▶ Your instructions: Below is a listing to write out in full, exactly as given, without its pictures.

▶ The data:
Start of Block

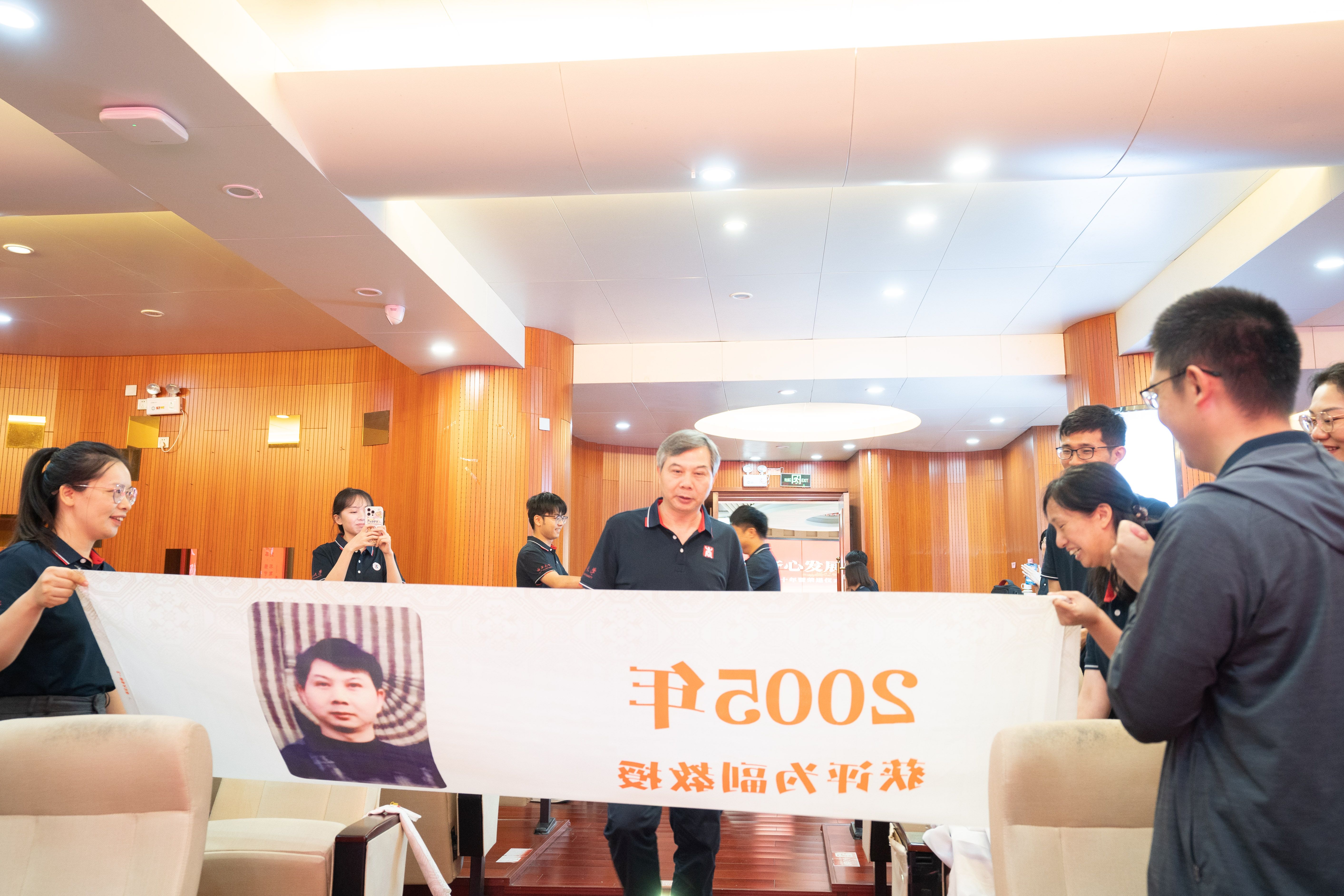 黄晋代表公司向五位老师表达最诚挚的敬意。他指出,公司每一份成就,都不是凭空而来的奇迹,而是像五位老师这样,一代又一代工商人“接力奋斗、无私奉献”的结果。感谢老师们以半生奉献托举公司的发展,让公司的每一步前行都有坚实的支撑,希望年轻老师们,接过前辈手中的“精神火炬”,从三十年执教的坚守里汲取定力,从半生耕耘的热忱中汲取力量,在教书育人的岗位上勇担使命、再建新功。
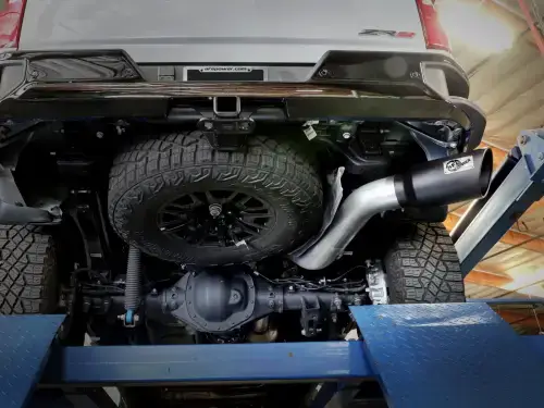 Finishing off this exhaust system is a 7" diameter black 304 stainless steel clamp-on exhaust tip. The tip features an aFe POWER logo plate riveted on for a unique style.
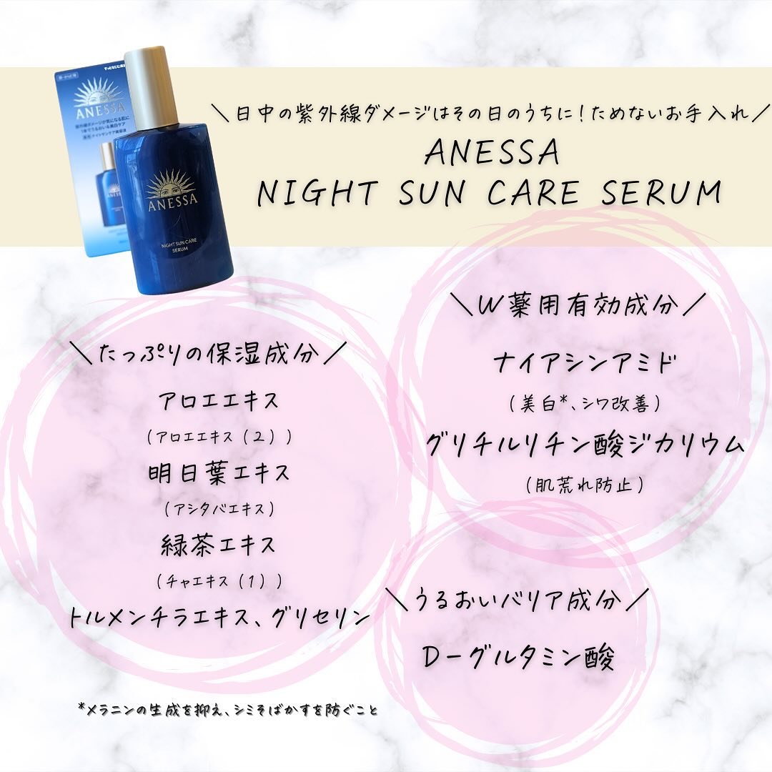 日焼け止め乳液を買った時、おまけでもらったセラムがよくて購入陽を浴びた後のお守り的な感じで塗ってるクリームみたいにベタベタしない👍予防も大事だけど、しっかり落としてアフターケアも!ミニのやつまたもらった🌞🐳#anessa#ナイトサンケアセラム...
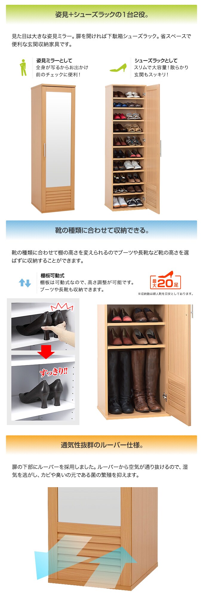 [ナチュラル]通気性の良いミラー付シューズボックス | 玄関で全身コーディネートチェックできるミラー付きシューズラック!
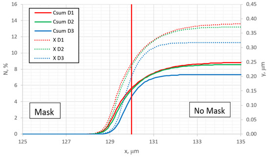 Figure 7; however, this is true only in the regions relatively far from the edges of the mask. Considering the edge regions of the mask, the topographic profiles in those two cases differ, and the depth distribution of nitrogen differs as well.
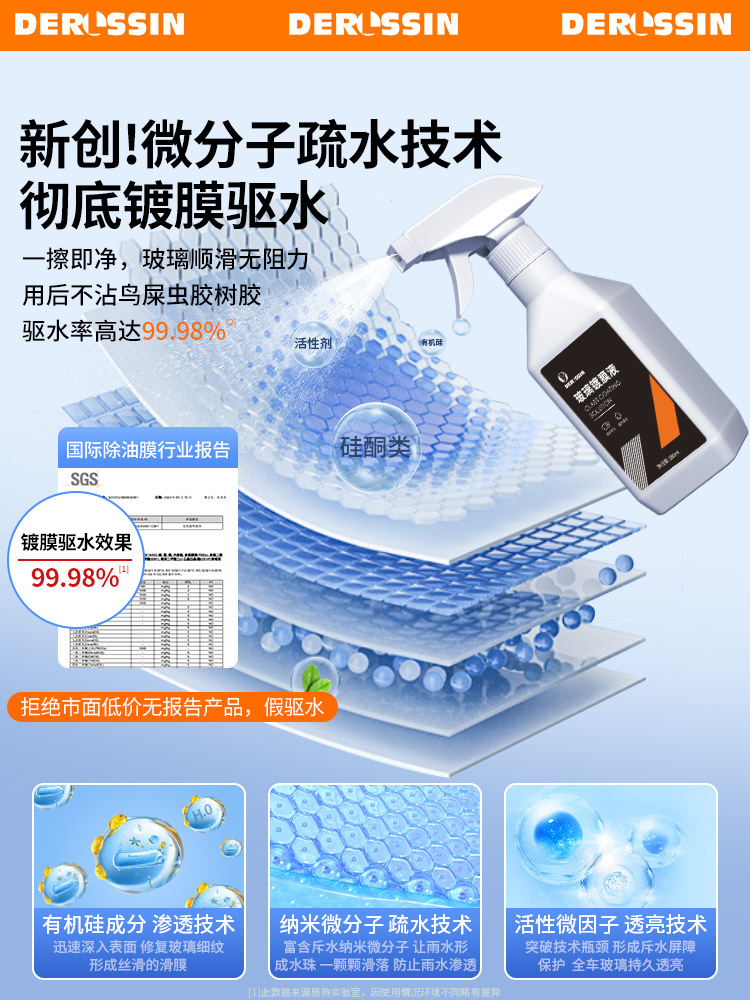 后视镜防雨水喷剂汽车挡风玻璃镀膜去油膜去除剂防雾驱水清洁神器
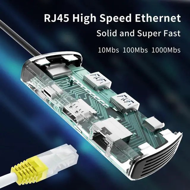 6-in-1 HUB, More ConvenienceFeaturing a full functional PD 100W fast charging port, 4K HDMI output, Gigabit Ethernet, 5 Gbps USB 3.0 x2, and USB-C data port, the USB C provides all kinds of the ports you need so you can work at your best. ^^ 4K@30HZ HDMI Crystal UHD DisplayEasily extend the USB-C enabled device to your monitor, TV, projector to with a 4K UHD crystal-clear display. Plug and play, there is no external drivers or power required. ^^ 2xUSB 3.0 & USB-C 3.1T his USB C to USB adapter transfer data at blazing speeds up to 5Gbps, 10X faster than USB 2.0 portsfast enough to transfer an 4K movie in seconds.
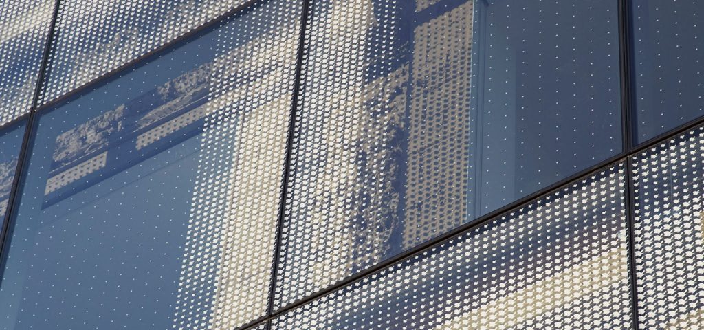 Opacity, translucency & ink layer thickness can be precisely manipulated to deliver required SHG and VLT values. This process also controls light diffusion & transmission. Using ink to deliver these goals vs. heavy building envelopes could deliver significant production and ongoing maintenance savings. Ink printed onto the exterior surface mitigates reflected heat (available in black and white only).
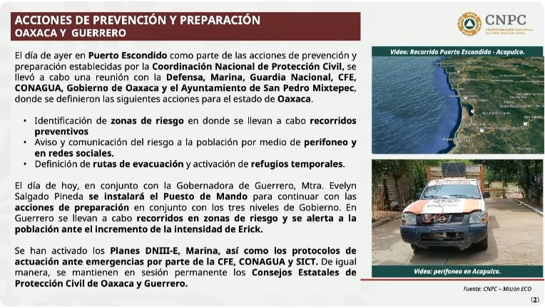Sheinbaum Pardo agrega que también está activo el Plan Marina, igualmente, recomienda no salir de casa de ser posible o evacuar e ir a los albergues si es necesario. Además de estar atentos a toda la información que surja sobe el tema.
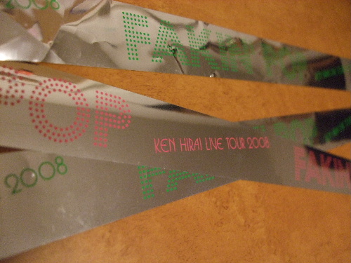 のこのこと初めての平井堅さんのLIVEに行ってまいりました3年ぶりに平井堅さんが沖縄でLiveを行なうという。しかも、野外!しかも、同じ敷地のコンベンションでは同じ日程でジュ○ーこと沢○研○さんのLIVEまで(^^;しかも、その同じ敷地内で別のお祭りしてるし(^^;;;; (LIVE中演奏が終わるとエイサーとか三線が聴こえてくるし・・・)しかも、今日は、沖縄一大きな花火大会がある日でもあるのに。。。おかげで、道はどこも大混雑さぁ~なんと、お席はど真ん中の7列目・・・びっくりするほどいい席だぁ~~堅さんも「(ステージと客席が)近い!」といってびっくりするくらいでしたし。。。(日没前のスタートなので、客席が見えるので、MCでお客さんと掛け合う姿もあった。)これがねぇ~、野外だから、いい雰囲気を出してましたよ日没直前からのスタートで、最後は満月が顔を出しているという、ステキなシチュエーションでした写真に収められないのが本当に残念実はあまり聴いたことないけれど、さびまでくればほとんどの曲を知ってました♪さすが、売れてるだけあります(笑)ステージも「お金かかってるなぁ~」って感じでした(笑)キラキラとか風船とか色々飛んできました(笑)野外ならではの解放感もあり、とっても楽しいLIVEでした☆堅さん自身も、野外って言うことで楽しんでいる様子も伺えました(^^)高音がとっても綺麗な歌声でしたベーシストが異常に熱くノリノリだったのが気になりました(笑)個人的には、『瞳を閉じて』が好きだったので、生で聴けてうれしかった♪あと、最後に独唱で唄った、天国のお父さんに捧げる曲?(だと思うのですが。)が、すっごく心に響きました。いい曲でした~。全体的にとっても楽しい、いいLIVEでした!明日が千秋楽らしいですが、また行きたいなぁ~って思えるLIVEでした(^-^)また近いうちに来てくれないかなぁ~ちなみに、昨夜、首里城からホテルまで1時間歩いて帰ったらしいのですが、誰にも気付かれなかったらしい・・・沖縄ではありがちな顔なので、逆に目立たなかったようだ・・・と本人も分析(笑)そして、「夕食のときに教えてもらった沖縄語」を披露されてました。しかし・・・沖縄語・・・なぜか最後の挨拶だけは宮古島の言葉になってましたよ(笑)これには一緒に行った友だちと笑ってしまいましたが(^^;;;(いわゆる沖縄語は沖縄本島で使われている言葉。島々によって言葉が全く違います。)記念にこんなものが売っていたので、思わず購入してみました☆堅ちゃんティーバック開けるのがもったいない(笑)

End of Block

▶ Result:
 黄晋代表公司向五位老师表达最诚挚的敬意。他指出,公司每一份成就,都不是凭空而来的奇迹,而是像五位老师这样,一代又一代工商人“接力奋斗、无私奉献”的结果。感谢老师们以半生奉献托举公司的发展,让公司的每一步前行都有坚实的支撑,希望年轻老师们,接过前辈手中的“精神火炬”,从三十年执教的坚守里汲取定力,从半生耕耘的热忱中汲取力量,在教书育人的岗位上勇担使命、再建新功。
 Finishing off this exhaust system is a 7" diameter black 304 stainless steel clamp-on exhaust tip. The tip features an aFe POWER logo plate riveted on for a unique style.
 日焼け止め乳液を買った時、おまけでもらったセラムがよくて購入陽を浴びた後のお守り的な感じで塗ってるクリームみたいにベタベタしない👍予防も大事だけど、しっかり落としてアフターケアも!ミニのやつまたもらった🌞🐳#anessa#ナイトサンケアセラム...
 [ナチュラル]通気性の良いミラー付シューズボックス | 玄関で全身コーディネートチェックできるミラー付きシューズラック!
 Figure 7; however, this is true only in the regions relatively far from the edges of the mask. Considering the edge regions of the mask, the topographic profiles in those two cases differ, and the depth distribution of nitrogen differs as well.
 后视镜防雨水喷剂汽车挡风玻璃镀膜去油膜去除剂防雾驱水清洁神器
 6-in-1 HUB, More ConvenienceFeaturing a full functional PD 100W fast charging port, 4K HDMI output, Gigabit Ethernet, 5 Gbps USB 3.0 x2, and USB-C data port, the USB C provides all kinds of the ports you need so you can work at your best. ^^ 4K@30HZ HDMI Crystal UHD DisplayEasily extend the USB-C enabled device to your monitor, TV, projector to with a 4K UHD crystal-clear display. Plug and play, there is no external drivers or power required. ^^ 2xUSB 3.0 & USB-C 3.1T his USB C to USB adapter transfer data at blazing speeds up to 5Gbps, 10X faster than USB 2.0 portsfast enough to transfer an 4K movie in seconds.
 Opacity, translucency & ink layer thickness can be precisely manipulated to deliver required SHG and VLT values. This process also controls light diffusion & transmission. Using ink to deliver these goals vs. heavy building envelopes could deliver significant production and ongoing maintenance savings. Ink printed onto the exterior surface mitigates reflected heat (available in black and white only).
Sheinbaum Pardo agrega que también está activo el Plan Marina, igualmente, recomienda no salir de casa de ser posible o evacuar e ir a los albergues si es necesario. Además de estar atentos a toda la información que surja sobe el tema.
 のこのこと初めての平井堅さんのLIVEに行ってまいりました3年ぶりに平井堅さんが沖縄でLiveを行なうという。しかも、野外!しかも、同じ敷地のコンベンションでは同じ日程でジュ○ーこと沢○研○さんのLIVEまで(^^;しかも、その同じ敷地内で別のお祭りしてるし(^^;;;; (LIVE中演奏が終わるとエイサーとか三線が聴こえてくるし・・・)しかも、今日は、沖縄一大きな花火大会がある日でもあるのに。。。おかげで、道はどこも大混雑さぁ~なんと、お席はど真ん中の7列目・・・びっくりするほどいい席だぁ~~堅さんも「(ステージと客席が)近い!」といってびっくりするくらいでしたし。。。(日没前のスタートなので、客席が見えるので、MCでお客さんと掛け合う姿もあった。)これがねぇ~、野外だから、いい雰囲気を出してましたよ日没直前からのスタートで、最後は満月が顔を出しているという、ステキなシチュエーションでした写真に収められないのが本当に残念実はあまり聴いたことないけれど、さびまでくればほとんどの曲を知ってました♪さすが、売れてるだけあります(笑)ステージも「お金かかってるなぁ~」って感じでした(笑)キラキラとか風船とか色々飛んできました(笑)野外ならではの解放感もあり、とっても楽しいLIVEでした☆堅さん自身も、野外って言うことで楽しんでいる様子も伺えました(^^)高音がとっても綺麗な歌声でしたベーシストが異常に熱くノリノリだったのが気になりました(笑)個人的には、『瞳を閉じて』が好きだったので、生で聴けてうれしかった♪あと、最後に独唱で唄った、天国のお父さんに捧げる曲?(だと思うのですが。)が、すっごく心に響きました。いい曲でした~。全体的にとっても楽しい、いいLIVEでした!明日が千秋楽らしいですが、また行きたいなぁ~って思えるLIVEでした(^-^)また近いうちに来てくれないかなぁ~ちなみに、昨夜、首里城からホテルまで1時間歩いて帰ったらしいのですが、誰にも気付かれなかったらしい・・・沖縄ではありがちな顔なので、逆に目立たなかったようだ・・・と本人も分析(笑)そして、「夕食のときに教えてもらった沖縄語」を披露されてました。しかし・・・沖縄語・・・なぜか最後の挨拶だけは宮古島の言葉になってましたよ(笑)これには一緒に行った友だちと笑ってしまいましたが(^^;;;(いわゆる沖縄語は沖縄本島で使われている言葉。島々によって言葉が全く違います。)記念にこんなものが売っていたので、思わず購入してみました☆堅ちゃんティーバック開けるのがもったいない(笑)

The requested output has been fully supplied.